Reproduction of part of the material below, pictures omitted: copy exactly, and only, the lines starting with the one with "Детали: Женский черный" and going on through the one with "La Gobernación del".

*Data excerpts*.
—————

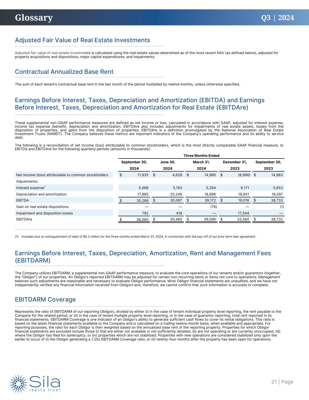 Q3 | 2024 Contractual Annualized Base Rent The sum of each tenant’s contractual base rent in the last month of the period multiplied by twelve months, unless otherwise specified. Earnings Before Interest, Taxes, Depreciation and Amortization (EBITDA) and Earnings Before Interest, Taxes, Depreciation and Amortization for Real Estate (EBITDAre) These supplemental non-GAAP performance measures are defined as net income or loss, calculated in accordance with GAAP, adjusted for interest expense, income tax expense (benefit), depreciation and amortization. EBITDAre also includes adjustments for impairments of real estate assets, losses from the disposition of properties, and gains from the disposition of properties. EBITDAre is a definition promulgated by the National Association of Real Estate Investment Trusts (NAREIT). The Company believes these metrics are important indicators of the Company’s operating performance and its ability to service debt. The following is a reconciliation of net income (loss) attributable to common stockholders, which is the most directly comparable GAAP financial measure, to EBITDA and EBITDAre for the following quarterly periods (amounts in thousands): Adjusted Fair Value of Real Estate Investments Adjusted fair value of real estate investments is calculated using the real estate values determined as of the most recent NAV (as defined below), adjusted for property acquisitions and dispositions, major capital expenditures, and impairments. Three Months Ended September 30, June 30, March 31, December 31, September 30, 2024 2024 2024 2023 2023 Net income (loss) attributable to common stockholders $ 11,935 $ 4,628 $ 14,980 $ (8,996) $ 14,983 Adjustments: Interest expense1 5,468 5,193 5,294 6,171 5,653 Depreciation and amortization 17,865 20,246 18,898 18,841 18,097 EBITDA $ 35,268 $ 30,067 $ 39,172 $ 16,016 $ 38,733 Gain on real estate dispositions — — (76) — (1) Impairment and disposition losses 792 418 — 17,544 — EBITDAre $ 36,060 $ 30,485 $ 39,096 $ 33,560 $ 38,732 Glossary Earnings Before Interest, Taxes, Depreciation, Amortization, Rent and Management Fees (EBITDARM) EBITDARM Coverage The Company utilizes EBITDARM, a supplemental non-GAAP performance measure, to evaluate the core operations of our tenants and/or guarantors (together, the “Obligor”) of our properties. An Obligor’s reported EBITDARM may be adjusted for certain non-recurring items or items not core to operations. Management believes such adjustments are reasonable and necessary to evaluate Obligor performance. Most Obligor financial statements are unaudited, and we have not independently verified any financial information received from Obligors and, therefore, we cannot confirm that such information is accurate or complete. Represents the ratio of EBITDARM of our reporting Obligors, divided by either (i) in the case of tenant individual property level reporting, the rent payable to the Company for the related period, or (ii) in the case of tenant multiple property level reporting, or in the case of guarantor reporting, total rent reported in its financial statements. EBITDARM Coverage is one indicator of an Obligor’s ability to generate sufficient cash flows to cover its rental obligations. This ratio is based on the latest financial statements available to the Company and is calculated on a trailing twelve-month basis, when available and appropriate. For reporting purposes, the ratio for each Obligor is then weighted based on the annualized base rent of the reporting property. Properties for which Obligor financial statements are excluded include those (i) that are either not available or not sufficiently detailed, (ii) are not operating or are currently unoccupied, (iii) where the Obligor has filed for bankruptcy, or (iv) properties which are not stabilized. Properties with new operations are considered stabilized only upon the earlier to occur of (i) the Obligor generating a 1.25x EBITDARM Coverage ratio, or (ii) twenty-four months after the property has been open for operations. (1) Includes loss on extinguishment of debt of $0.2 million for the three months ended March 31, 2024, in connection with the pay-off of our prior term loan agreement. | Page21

—————

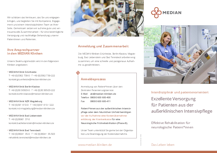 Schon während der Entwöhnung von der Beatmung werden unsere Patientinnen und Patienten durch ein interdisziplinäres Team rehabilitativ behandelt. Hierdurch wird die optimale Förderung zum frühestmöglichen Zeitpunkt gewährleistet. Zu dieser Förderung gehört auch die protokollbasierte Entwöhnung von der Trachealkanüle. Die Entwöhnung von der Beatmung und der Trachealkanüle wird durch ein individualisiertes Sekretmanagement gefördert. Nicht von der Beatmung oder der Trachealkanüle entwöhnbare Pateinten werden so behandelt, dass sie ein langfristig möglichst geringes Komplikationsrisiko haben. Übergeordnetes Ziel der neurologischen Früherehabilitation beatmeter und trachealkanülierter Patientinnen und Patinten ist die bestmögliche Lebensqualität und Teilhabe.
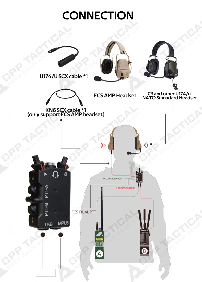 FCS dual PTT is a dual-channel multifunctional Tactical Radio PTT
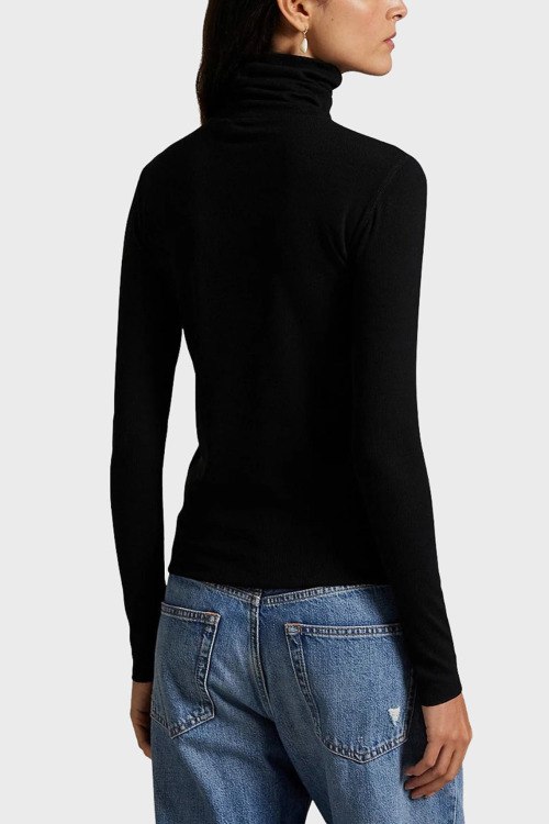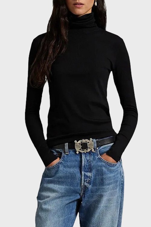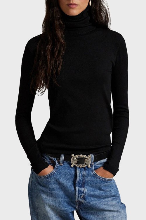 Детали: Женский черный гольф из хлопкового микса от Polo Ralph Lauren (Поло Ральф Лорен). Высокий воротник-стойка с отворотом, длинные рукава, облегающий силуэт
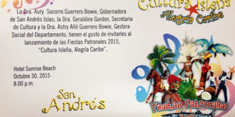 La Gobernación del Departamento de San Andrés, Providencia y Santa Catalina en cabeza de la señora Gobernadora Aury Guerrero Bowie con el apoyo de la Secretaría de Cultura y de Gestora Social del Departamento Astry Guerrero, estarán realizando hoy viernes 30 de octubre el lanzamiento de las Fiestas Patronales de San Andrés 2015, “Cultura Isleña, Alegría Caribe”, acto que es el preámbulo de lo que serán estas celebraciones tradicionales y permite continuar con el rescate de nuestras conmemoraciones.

—————

*Result for this task*.
 Детали: Женский черный гольф из хлопкового микса от Polo Ralph Lauren (Поло Ральф Лорен). Высокий воротник-стойка с отворотом, длинные рукава, облегающий силуэт
 La Gobernación del Departamento de San Andrés, Providencia y Santa Catalina en cabeza de la señora Gobernadora Aury Guerrero Bowie con el apoyo de la Secretaría de Cultura y de Gestora Social del Departamento Astry Guerrero, estarán realizando hoy viernes 30 de octubre el lanzamiento de las Fiestas Patronales de San Andrés 2015, “Cultura Isleña, Alegría Caribe”, acto que es el preámbulo de lo que serán estas celebraciones tradicionales y permite continuar con el rescate de nuestras conmemoraciones.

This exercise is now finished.